I have realized one reason I cheat is because I was raised with the diet mentality. I was put on my first diet at age 8 by my mom, a lifelong dieter herself. Anyway, what I have realized is that in a way, learning to diet at such a young age has taken away my free will to say "No, thanks, I really don't care for that". When presented with a no-no food, I always jump on the opportunity even if I don't want the thing -like "grab it quick, it is never coming around again", because that is what I have been told. You can't have that, you shouldn't eat that, that is not on your diet, blah blah blah.... I eat forbidden foods not because I want them at that time, but because I have been trained to falsely believe that I can never have them again, ever. This is so clear to me now, even though it is old news. And although I have heard other people talk about this, I finally understand it on a gut level. And this is the revelation to me: that I can read these threads on many different forums, and listen to people on weight loss tv shows, and talk to my friends about stuff, but it will not make a difference if I understand these things in my head, it has to hit me in the heart and soul or the info is nearly useless. I finally get it on more than an intellectual level. I'm hoping now I can make progress.
Hi Ruby,
I miss seeing you on the SB weekly support board, which you will find if you click on "weekly support board" under SB. There are a lot more posters there and I KNOW that they will find your question intersting and food for thought. Plus, you might get a good variety of responses. I too have problems with cheating, and sometimes it is almost a compulsion. I think it has something to do with feeling that I must stay in control, and that is one way I do it.

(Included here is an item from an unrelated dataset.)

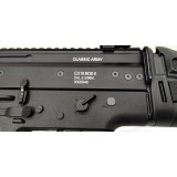 SCARAB Adv Battle Rifle (ABR) Classic Army. Guscio in alluminio lavorato al CNC. RIS KeyMod da 13". Bolt Catch funzionante. Gearbox con guida molla ad estrazione rapida. Tacche di mira Flip Up. Sistema mosfet. Possibilità di programmare (senza altri accessori) da raffica continua a raffica 3 / 5 colpi.Batteria e carica batteria opzionali.
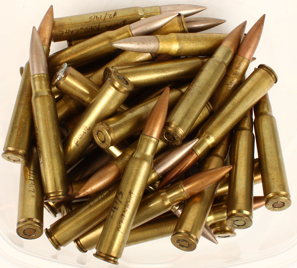 Lot of 40. 7.9x57mm Mauser. All World War I ''S'' ball. Various case manufacturers, both with & without ''Rifle'' and loaded with copper jacketed or cn clad steel projectiles. Grade: Very Good ++ - Value: 40 to 60

Thanks, Gator - lately I've been posting under the 300+ forum, to get a "larger" perspective on the problems of obesity and management of same. I miss the ladies on SB weekly, I should stop in someday but I'm always swamped at work and with commuting and other stuff. It's hard keeping up with posts, and nearly impossible to be a good member and reply to everybody. Maybe I'll start lurking in order to stay motivated, until I can jump in and participate again.
I have to agree with Gatorgal on this, post on the weekly support.
I cheat because I can. If I don't make the cheating food, or have it in the house, then I don't eat it. I actually had some tootsie rolls the other day and almost felt sick to my stomach from the sugar! For some reason I can pass on the beer, wine and liquor, but food has me confused. I've definitely reached the point where food is nourishment, but sometimes it's comfort too, I haven't quite made it all the way over to only "nourishment". I've pretty much only been eating when I'm hungry, and drinking enough water has helped with that. But it's almost ime for my afternoon snack and my stomach is growling like crazy. I'm looking forward to the triscuits and cheese in a little bit! Now if the scale would just start moving again!
I too struggle with the food as nourishment vs. food as comfort, art, fun or reward. I love to cook and this has made me more liable to dwell on food, recipes, thinking about food...its hard to NOT overeat.... Come post on the weekly support board, Ruby...we miss you.